Evaluation datasets are JSON files containing prompts and expected responses. This article defines the dataset schema, documents where the tool looks for datasets, and shows how to design effective tests - including advanced scenarios like multi-turn conversations, per-item evaluator configuration, and categorized test suites.

Schema overview

Evaluation datasets are JSON files. The tool supports two equivalent shapes: a versioned object (recommended) and a legacy array.

Versioned schema (recommended)

The simplest valid dataset requires only schemaVersion and an items array with prompt and expected_response fields.

{
  "schemaVersion": "1.0.0",
  "items": [
    {
      "prompt": "string",
      "expected_response": "string"
    }
  ]
}

Schema version 1.2.0 adds support for default and per-item evaluator configuration, evaluator mode control, named items, and multi-turn conversations.

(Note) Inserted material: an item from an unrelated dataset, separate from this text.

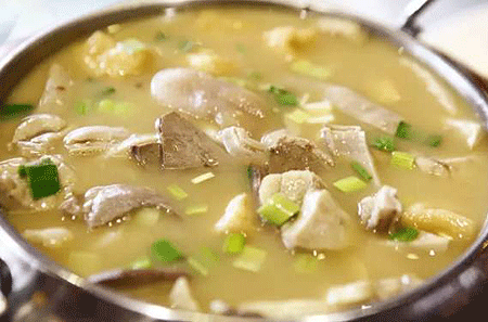 清代《淞南樂府》載:“淞南好,風(fēng)味舊曾諳。羊胛開尊朝戴九,豚蹄登席夜徐三,食品最江南。羊肆向惟白煮,戴九(人名)創(chuàng)為小炒,近更為糟者為佳。徐三善煮梅霜豬腳。邇年肆中以缽貯糟,入以豬耳腦、舌及肝、肺、腸、胃等,曰‘糟缽頭’,邑人咸稱美味?!钡角宕饩w年間,上海老板店和德興館等本幫菜館烹制的“糟缽頭”已盛名滬上。近百年來,此菜幾經(jīng)改革,從40年代起,因原來制法已不能適應(yīng)顧客需要,就將原來用生豬內(nèi)臟加香糟逐只蒸制,改為用熟豬內(nèi)臟,加火腿、筍片待入砂鍋,加鮮湯、香糟鹵燉制而成。它制法簡易,迅速方便,又不失原來特色。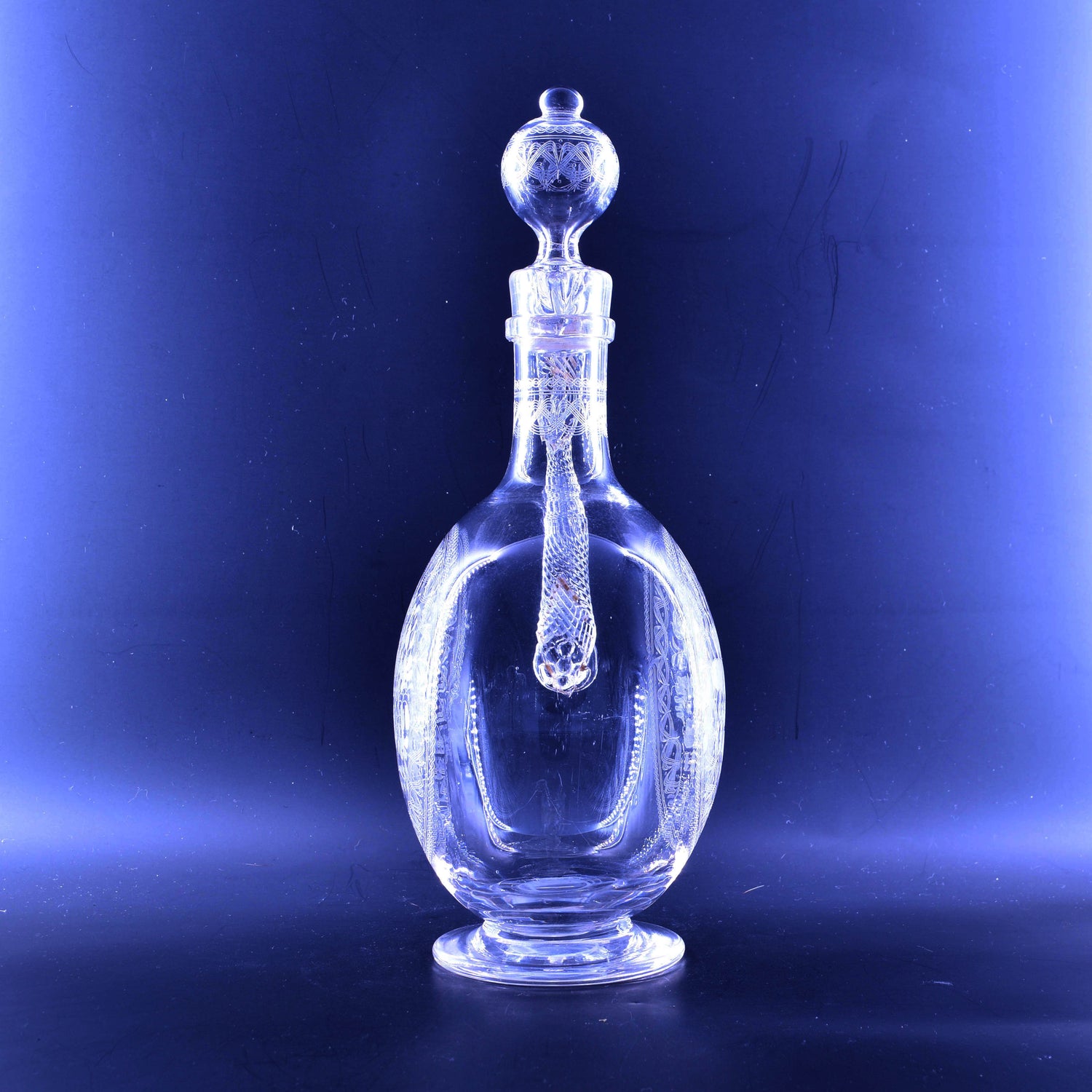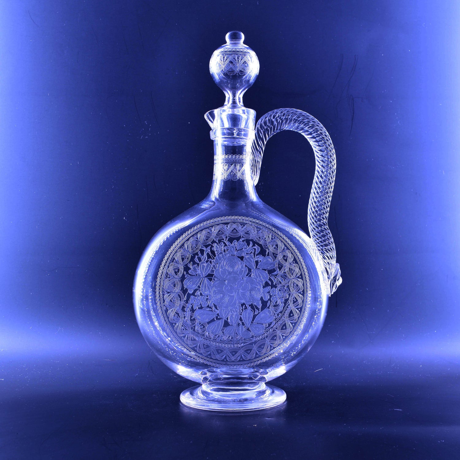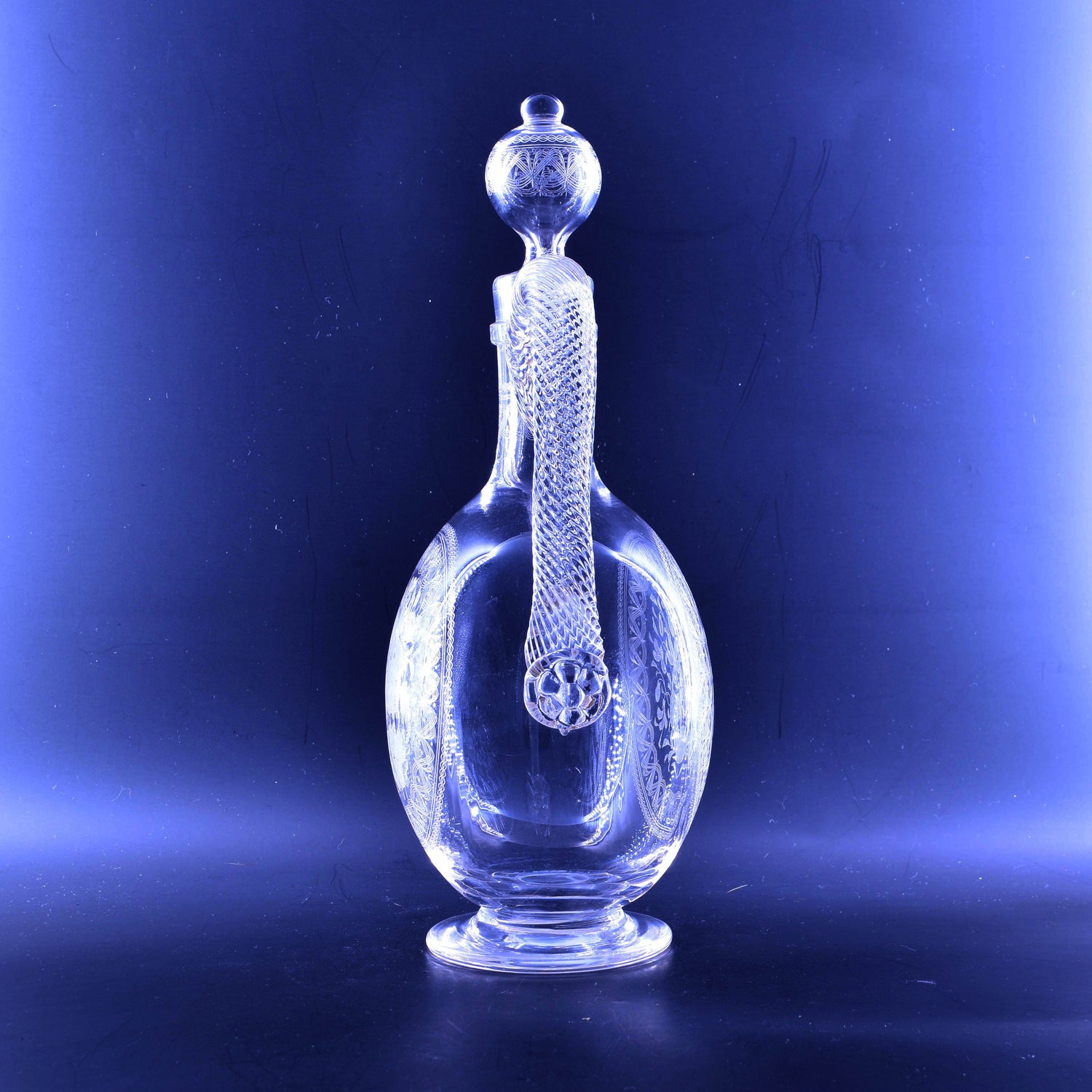 with slender neck, rope twist handle and hollow blown stopper, acid-etched with cartouche panels of flowers and foliage.

For details, see Configure evaluators and Multi-turn evaluation patterns.

Schema fields

Field	Type	Required	Description
`schemaVersion`	string	Recommended	Semantic version (for example, `"1.0.0"` or `"1.2.0"`). Backward compatibility is guaranteed within a major version. Use `"1.2.0"` to enable evaluator configuration, evaluator modes, and native multi-turn support.
`items`	array	Yes	Array of test items. Each item is either a single-turn prompt/response pair or a named multi-turn conversation.
`description`	string	Optional	Free-text description of the dataset (for example, `"Regression tests for Q1 2026 release"`).
`default_evaluators`	object	Optional	Evaluators applied to every item in the dataset unless overridden. Each key is an evaluator name (for example, `"Relevance"`, `"Coherence"`); the value is an options object (use `{}` for defaults). Requires `schemaVersion` `"1.2.0"` or later.
`items[].prompt`	string	Conditional	The prompt or instruction sent to the agent. Required for single-turn items. Don't use with `turns`.
`items[].expected_response`	string	Conditional	The reference response used for scoring. Required for single-turn items. Don't use with `turns`.
`items[].name`	string	Optional	Display name for the test item (for example, `"Expense policy flow"`). Especially useful for identifying multi-turn items in reports.
`items[].turns`	array	Conditional	Ordered array of turn objects for a multi-turn conversation within a single item. Each turn contains `prompt`, `expected_response`, and optionally `evaluators` and `evaluators_mode`. Don't use with top-level `prompt`/`expected_response`. Requires `schemaVersion` `"1.2.0"` or later.
`items[].evaluators`	object	Optional	Per-item evaluator overrides. Each key is an evaluator name; the value is an options object (for example, `{ "citation_format": "mixed" }`). Behavior depends on `evaluators_mode`. Requires `schemaVersion` `"1.2.0"` or later.
`items[].evaluators_mode`	string	Optional	Controls how `items[].evaluators` combines with `default_evaluators`. Use `"extend"` (default) to merge per-item evaluators with defaults, or `"replace"` to use only the per-item evaluators and ignore defaults. Requires `schemaVersion` `"1.2.0"` or later.
`items[].testId`	string	Optional	Stable identifier for cross-version comparison (for example, `"REG-001"`).
`items[].category`	string	Optional	Category tag (for example, `"knowledge-base"`, `"tool-usage"`).
`items[].notes`	string	Optional	Freeform notes, such as a linked bug ID.

Configure evaluators

Schema version 1.2.0 lets you control which evaluators run and how they're configured, at both the dataset level and the individual item level.

Default evaluators

Use default_evaluators at the top level to specify evaluators that apply to every item in the dataset. Each key is an evaluator name and the value is an options object. Use an empty object ({}) to apply the evaluator with its default settings.

{
  "schemaVersion": "1.2.0",
  "default_evaluators": {
    "Relevance": {},
    "Coherence": {}
  },
  "items": [
    {
      "prompt": "What is Microsoft Graph?",
      "expected_response": "A unified API endpoint for Microsoft services."
    }
  ]
}

In this example, every item is scored for Relevance and Coherence by using default settings.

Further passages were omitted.